*** INFORMATION GIVEN ***

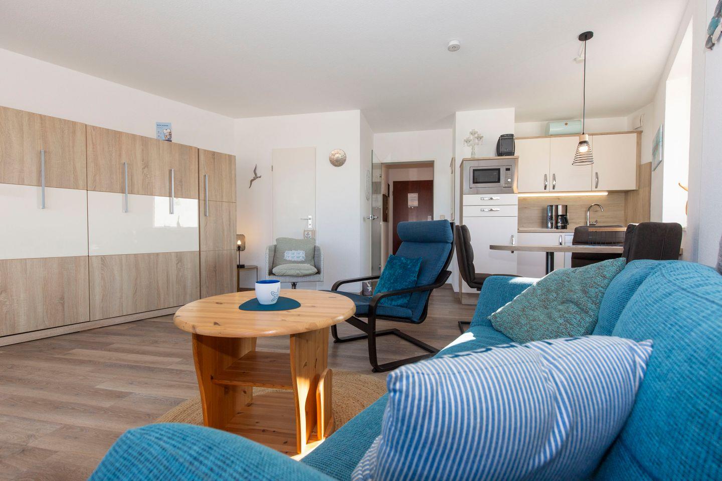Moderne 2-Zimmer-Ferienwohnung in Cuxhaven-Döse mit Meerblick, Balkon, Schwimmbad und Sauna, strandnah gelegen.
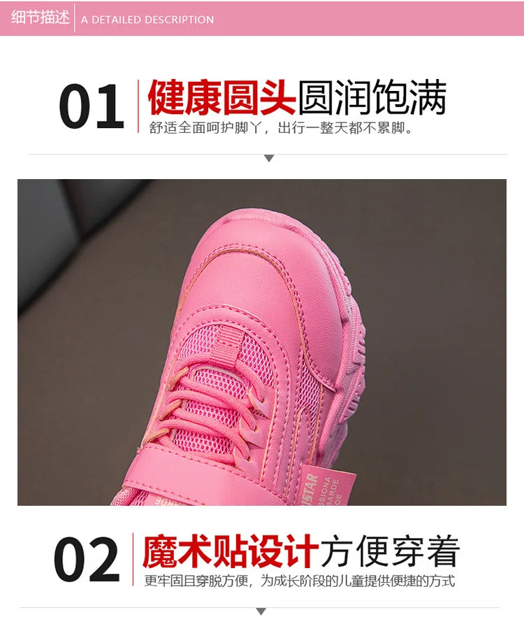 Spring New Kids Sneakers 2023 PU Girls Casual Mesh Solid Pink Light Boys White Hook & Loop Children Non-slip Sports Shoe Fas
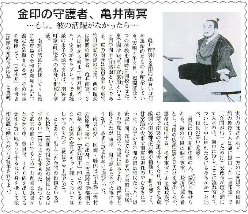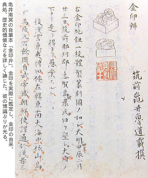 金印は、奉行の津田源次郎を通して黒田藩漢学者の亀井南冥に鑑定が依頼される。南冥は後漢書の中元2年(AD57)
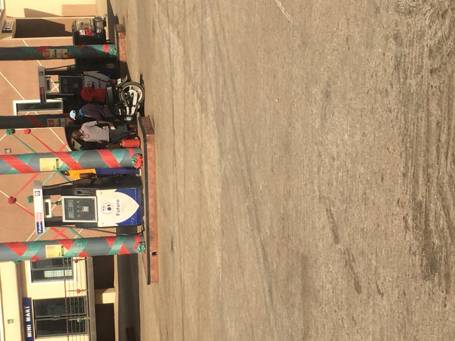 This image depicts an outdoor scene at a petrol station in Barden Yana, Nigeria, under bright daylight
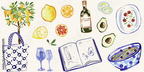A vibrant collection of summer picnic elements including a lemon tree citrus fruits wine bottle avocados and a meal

***
*** INFORMATION GIVEN ***

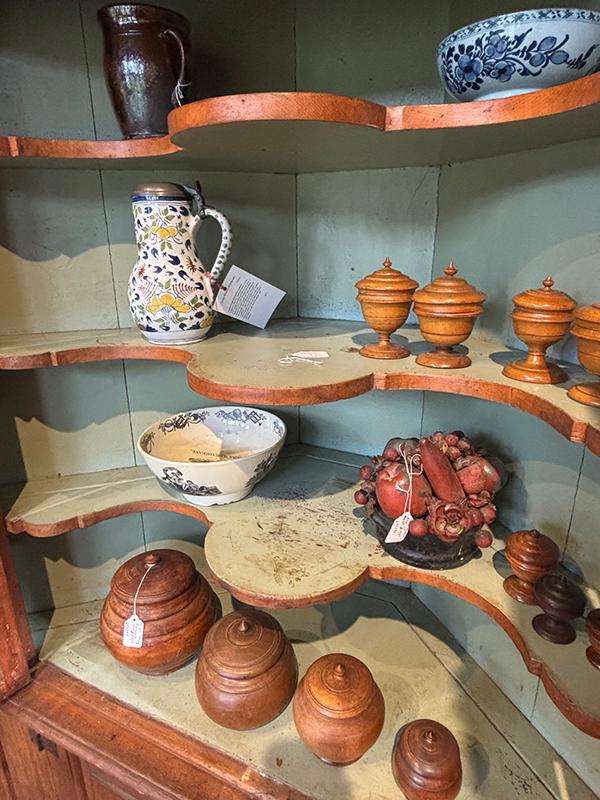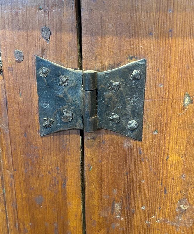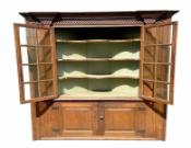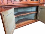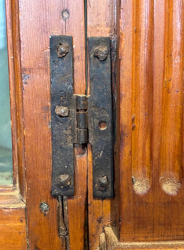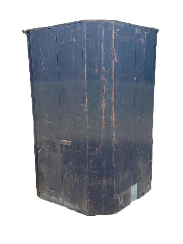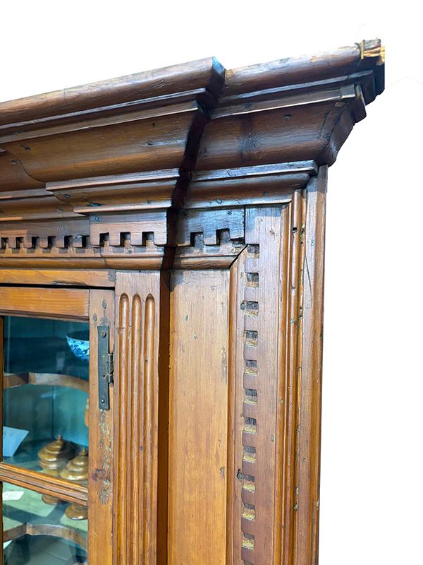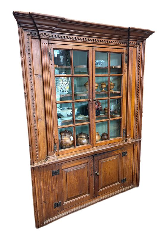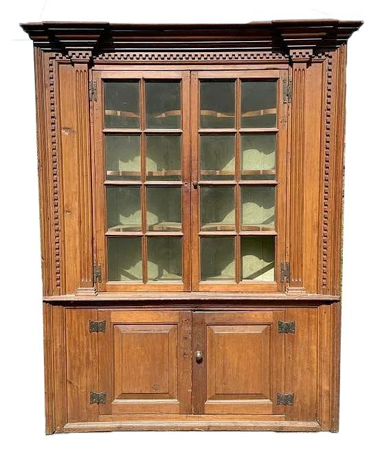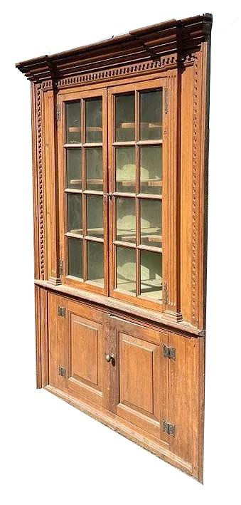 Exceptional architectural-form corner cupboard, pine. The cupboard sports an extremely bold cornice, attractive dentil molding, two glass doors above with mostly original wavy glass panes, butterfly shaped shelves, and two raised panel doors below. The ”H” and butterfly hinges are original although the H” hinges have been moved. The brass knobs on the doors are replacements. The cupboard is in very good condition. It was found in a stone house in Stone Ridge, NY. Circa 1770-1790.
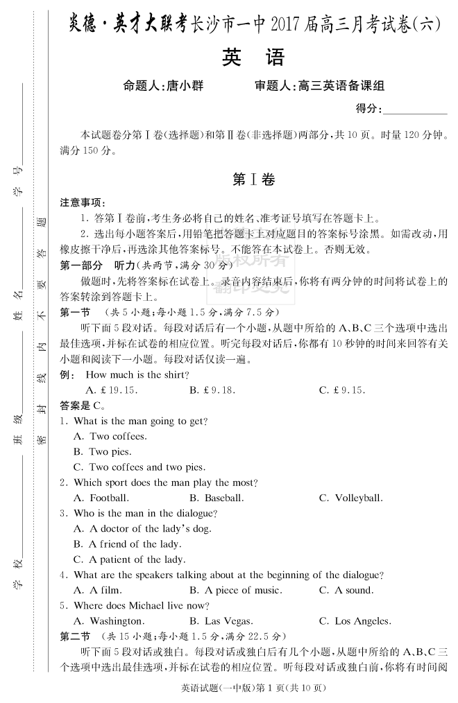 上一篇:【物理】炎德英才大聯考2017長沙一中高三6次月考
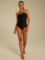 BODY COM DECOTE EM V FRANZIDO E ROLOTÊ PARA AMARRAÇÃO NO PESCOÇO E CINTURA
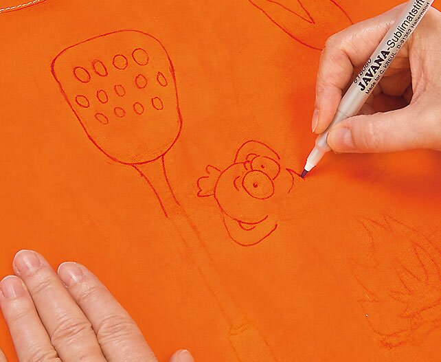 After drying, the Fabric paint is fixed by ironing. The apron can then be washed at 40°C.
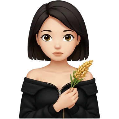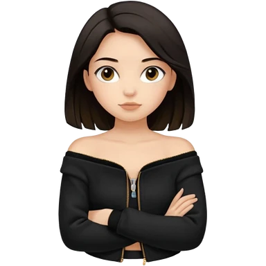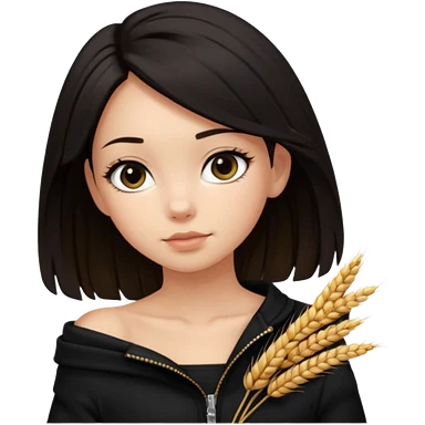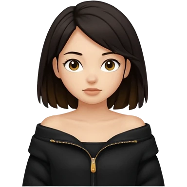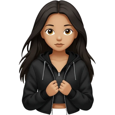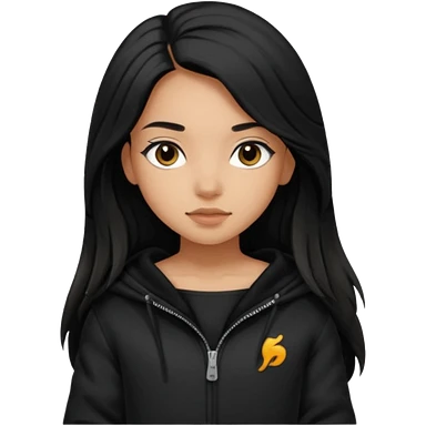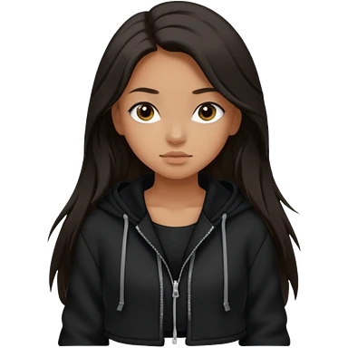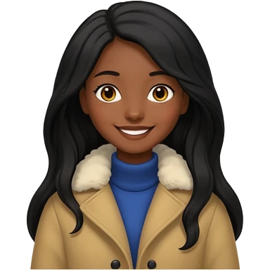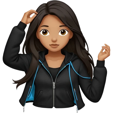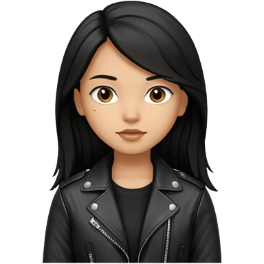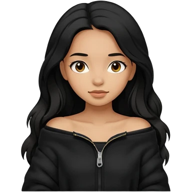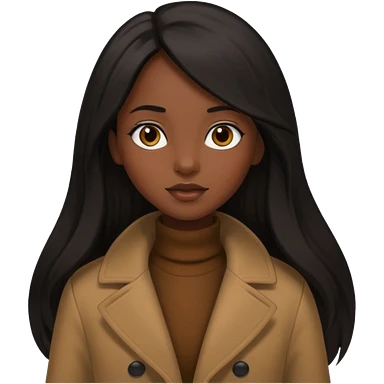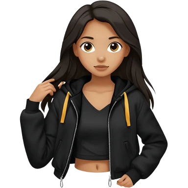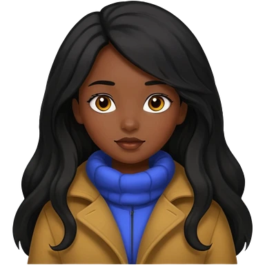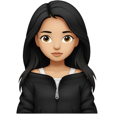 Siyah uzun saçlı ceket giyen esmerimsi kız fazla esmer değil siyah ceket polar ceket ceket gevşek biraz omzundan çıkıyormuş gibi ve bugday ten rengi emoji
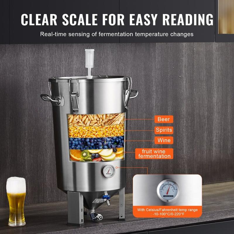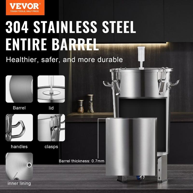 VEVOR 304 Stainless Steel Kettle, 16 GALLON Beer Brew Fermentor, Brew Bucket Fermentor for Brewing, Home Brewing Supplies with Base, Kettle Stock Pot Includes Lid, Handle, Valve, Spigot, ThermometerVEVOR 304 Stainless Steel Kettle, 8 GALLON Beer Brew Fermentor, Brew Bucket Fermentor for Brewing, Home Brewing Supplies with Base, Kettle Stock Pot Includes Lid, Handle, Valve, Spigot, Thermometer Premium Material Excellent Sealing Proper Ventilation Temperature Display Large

***
*** INFORMATION GIVEN ***

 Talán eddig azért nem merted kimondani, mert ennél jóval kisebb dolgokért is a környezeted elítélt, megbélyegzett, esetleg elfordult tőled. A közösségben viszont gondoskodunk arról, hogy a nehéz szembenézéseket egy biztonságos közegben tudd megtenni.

***

■ TASK TO CARRY OUT
Retype only the lines above from the one with "Spring New Kids" through the one with "A vibrant collection", exactly and with both ends. Images stay out.

■ OUTPUT FOR THIS EXERCISE
 Spring New Kids Sneakers 2023 PU Girls Casual Mesh Solid Pink Light Boys White Hook & Loop Children Non-slip Sports Shoe Fas
 金印は、奉行の津田源次郎を通して黒田藩漢学者の亀井南冥に鑑定が依頼される。南冥は後漢書の中元2年(AD57)
 This image depicts an outdoor scene at a petrol station in Barden Yana, Nigeria, under bright daylight
A vibrant collection of summer picnic elements including a lemon tree citrus fruits wine bottle avocados and a meal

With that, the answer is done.